Exercise – Write out the entries below exactly, but only from the line containing "Momyknows Pink Oblique" through the line containing "Tork Reflex® Basic", and without the pictures.

Supplied material –
□ □ □ □ □

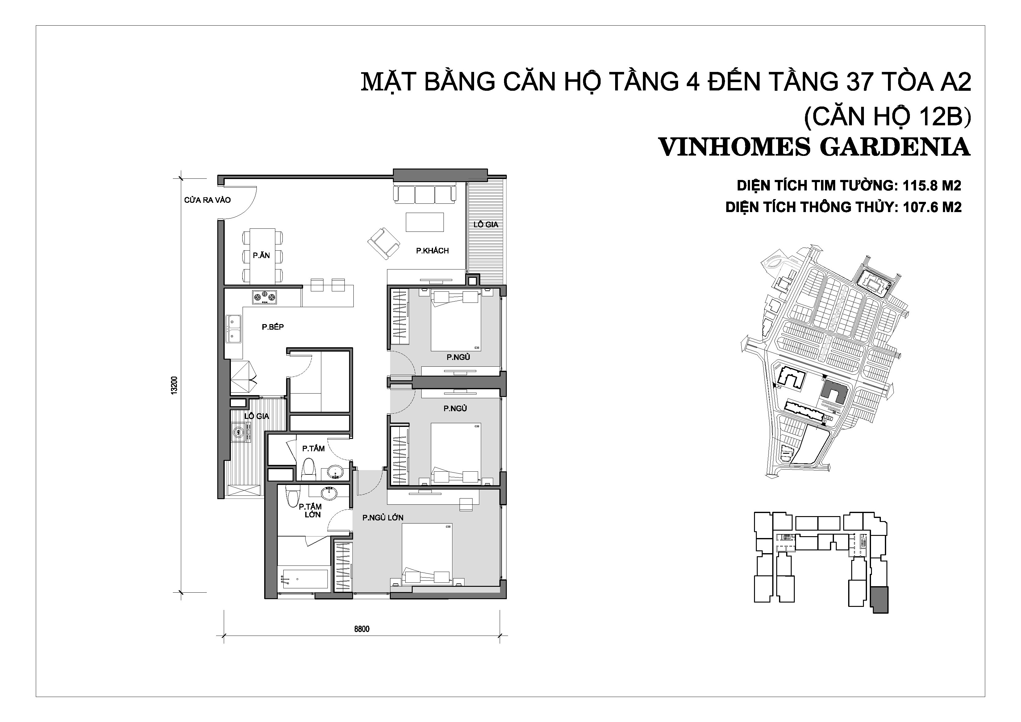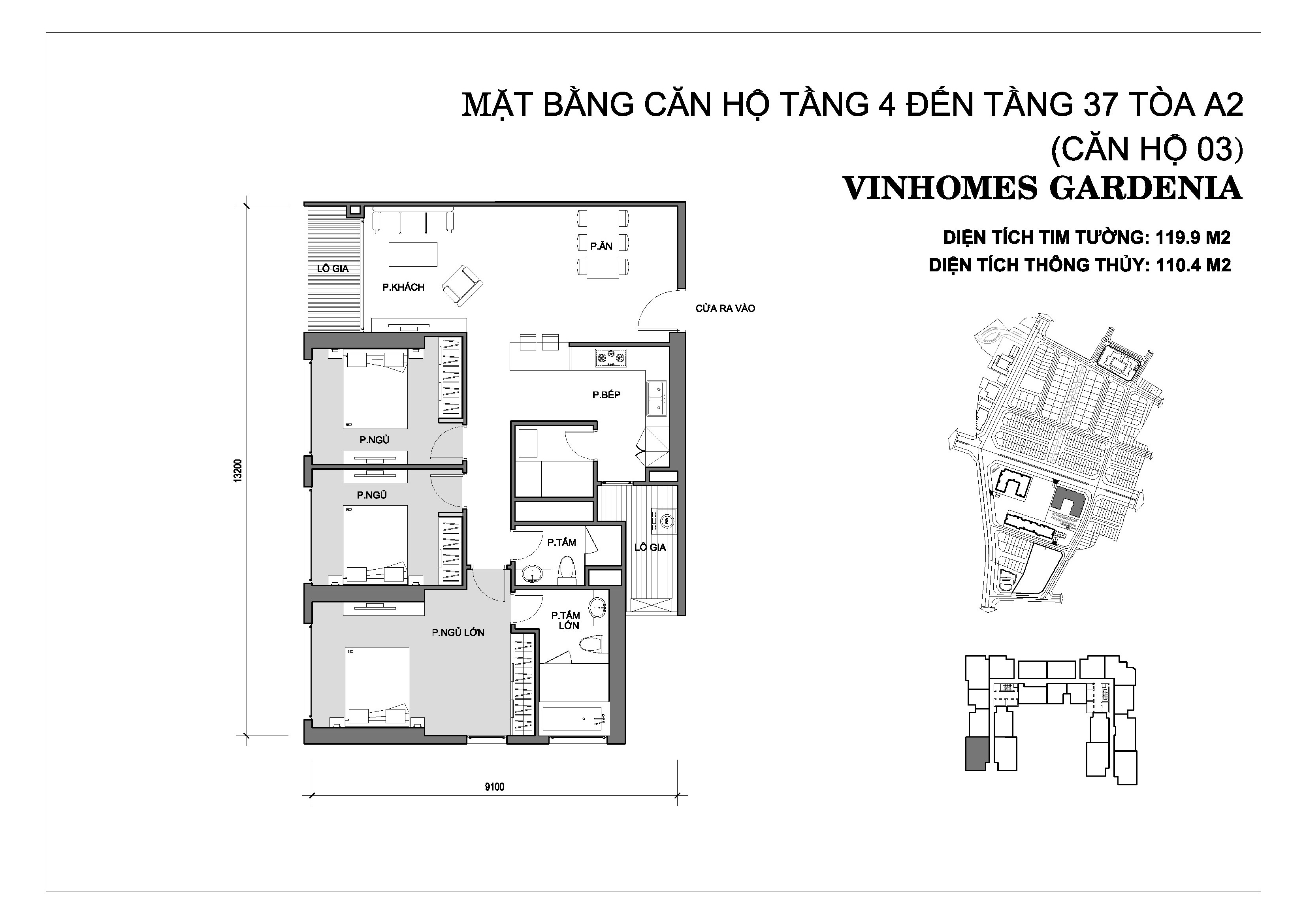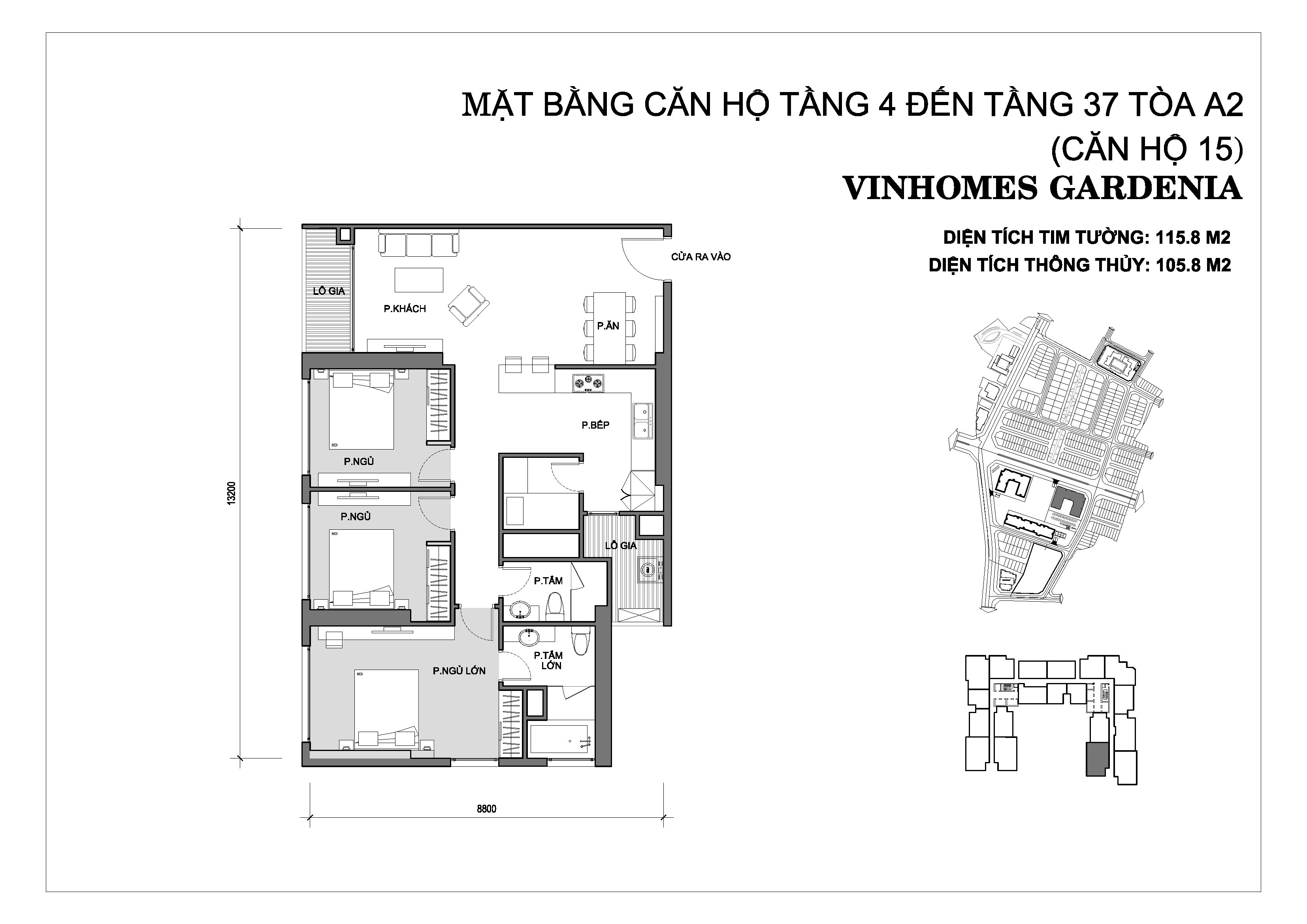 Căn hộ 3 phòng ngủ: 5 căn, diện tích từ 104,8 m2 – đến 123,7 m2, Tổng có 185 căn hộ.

□ □ □ □ □

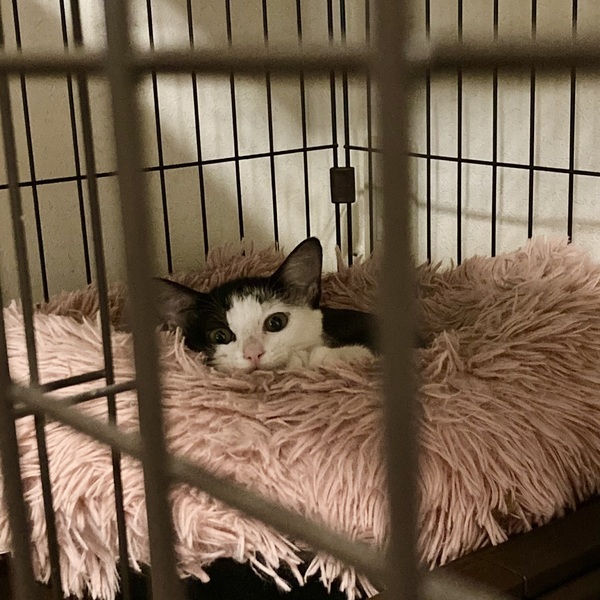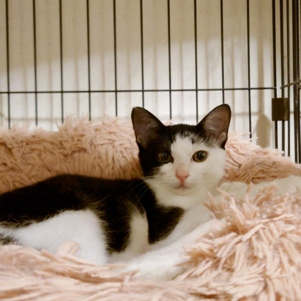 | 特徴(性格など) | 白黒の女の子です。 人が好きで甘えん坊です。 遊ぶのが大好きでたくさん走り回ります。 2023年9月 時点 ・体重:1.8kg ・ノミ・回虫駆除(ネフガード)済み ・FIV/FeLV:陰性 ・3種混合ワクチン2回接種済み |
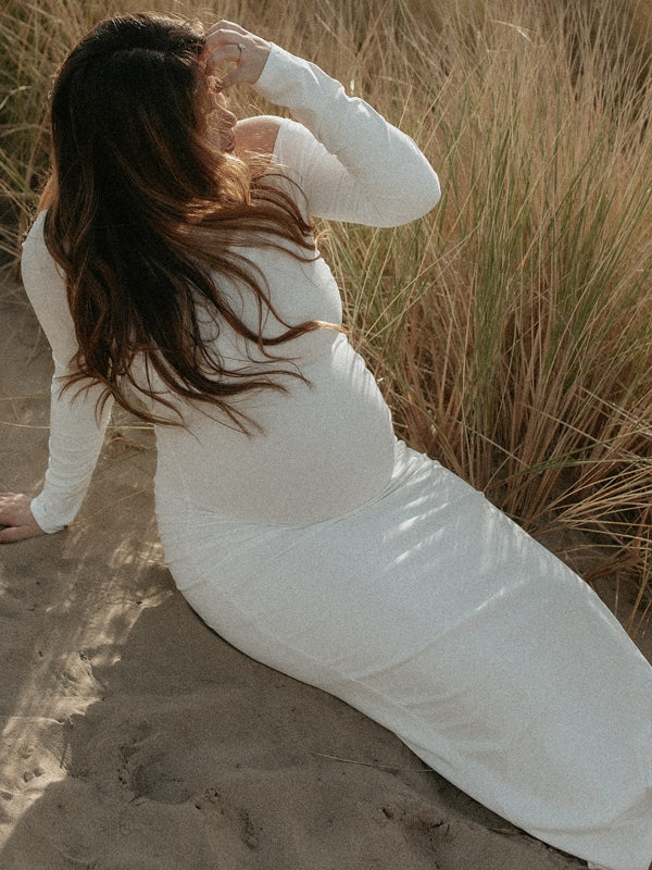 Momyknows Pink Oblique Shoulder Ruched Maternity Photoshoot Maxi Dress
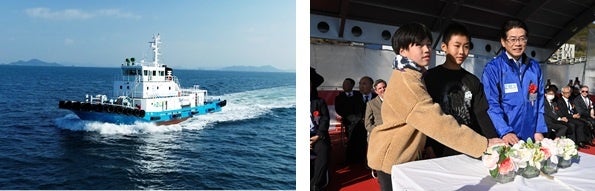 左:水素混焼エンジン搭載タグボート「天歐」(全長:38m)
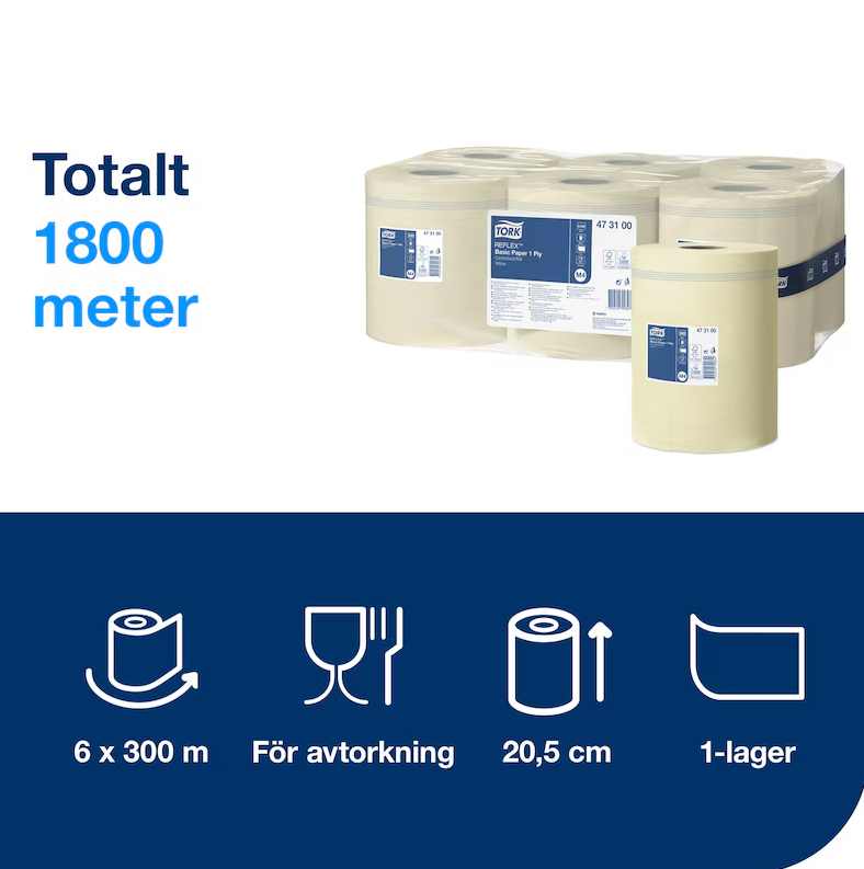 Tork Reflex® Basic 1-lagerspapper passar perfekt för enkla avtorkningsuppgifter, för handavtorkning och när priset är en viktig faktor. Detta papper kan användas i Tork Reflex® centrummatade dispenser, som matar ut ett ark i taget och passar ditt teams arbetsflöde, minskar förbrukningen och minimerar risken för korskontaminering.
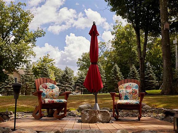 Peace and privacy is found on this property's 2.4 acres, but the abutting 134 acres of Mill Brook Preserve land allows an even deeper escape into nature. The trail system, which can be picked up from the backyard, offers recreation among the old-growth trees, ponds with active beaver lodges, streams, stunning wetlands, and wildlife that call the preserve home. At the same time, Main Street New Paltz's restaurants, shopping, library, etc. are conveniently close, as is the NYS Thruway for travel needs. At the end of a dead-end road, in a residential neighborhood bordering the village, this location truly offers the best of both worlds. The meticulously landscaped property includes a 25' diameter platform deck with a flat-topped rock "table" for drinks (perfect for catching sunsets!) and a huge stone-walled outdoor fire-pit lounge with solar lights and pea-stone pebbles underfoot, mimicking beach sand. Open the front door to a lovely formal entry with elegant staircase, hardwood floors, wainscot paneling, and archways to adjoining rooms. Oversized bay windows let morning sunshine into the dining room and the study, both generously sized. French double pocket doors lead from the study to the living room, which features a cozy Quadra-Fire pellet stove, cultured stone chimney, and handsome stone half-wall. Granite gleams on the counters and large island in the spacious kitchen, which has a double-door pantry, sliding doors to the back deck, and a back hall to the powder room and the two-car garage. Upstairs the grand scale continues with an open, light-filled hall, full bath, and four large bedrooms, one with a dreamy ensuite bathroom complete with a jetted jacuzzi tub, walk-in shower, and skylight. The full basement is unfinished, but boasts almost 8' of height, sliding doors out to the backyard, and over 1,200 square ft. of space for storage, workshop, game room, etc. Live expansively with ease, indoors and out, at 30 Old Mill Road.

□ □ □ □ □

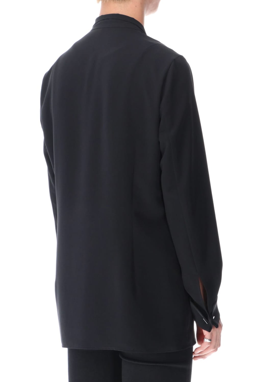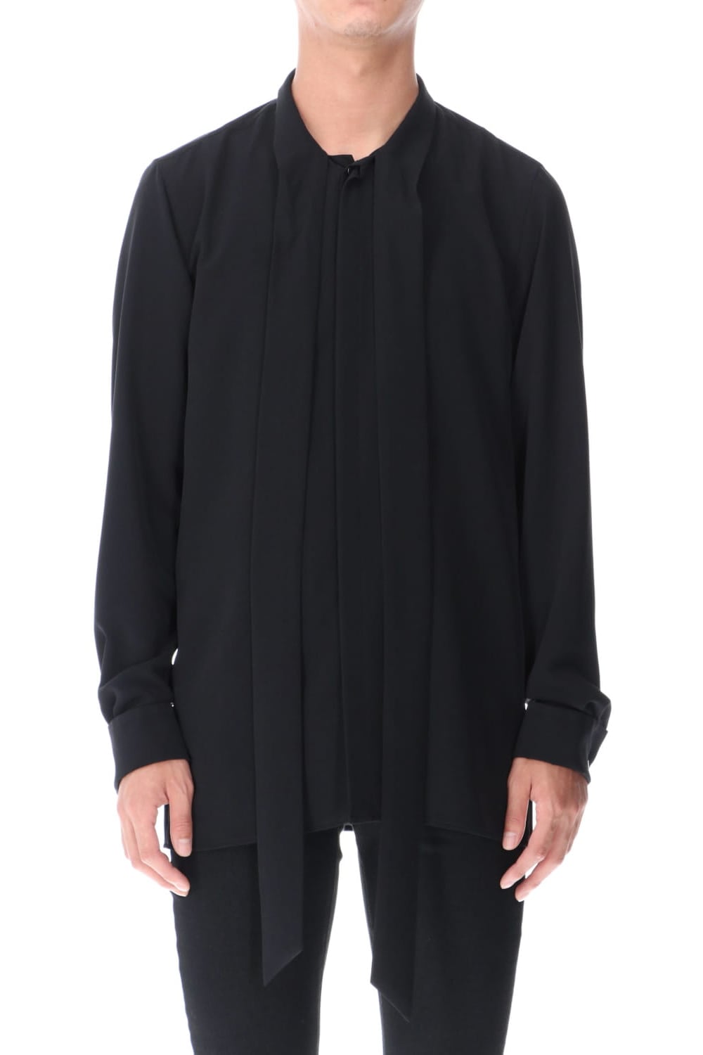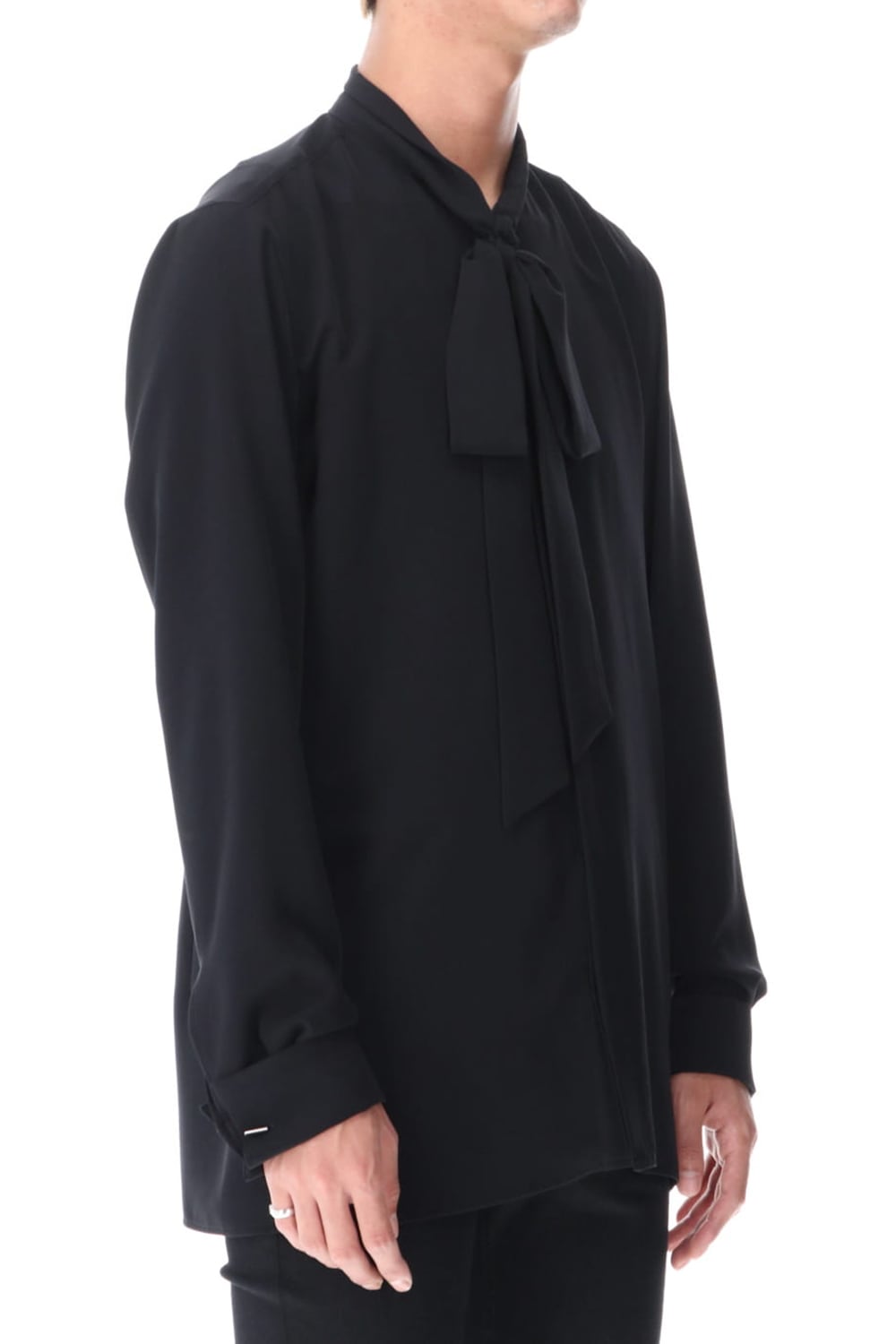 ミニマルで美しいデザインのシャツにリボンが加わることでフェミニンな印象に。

□ □ □ □ □

Answer to the exercise –
 Momyknows Pink Oblique Shoulder Ruched Maternity Photoshoot Maxi Dress
 左:水素混焼エンジン搭載タグボート「天歐」(全長:38m)
 Tork Reflex® Basic 1-lagerspapper passar perfekt för enkla avtorkningsuppgifter, för handavtorkning och när priset är en viktig faktor. Detta papper kan användas i Tork Reflex® centrummatade dispenser, som matar ut ett ark i taget och passar ditt teams arbetsflöde, minskar förbrukningen och minimerar risken för korskontaminering.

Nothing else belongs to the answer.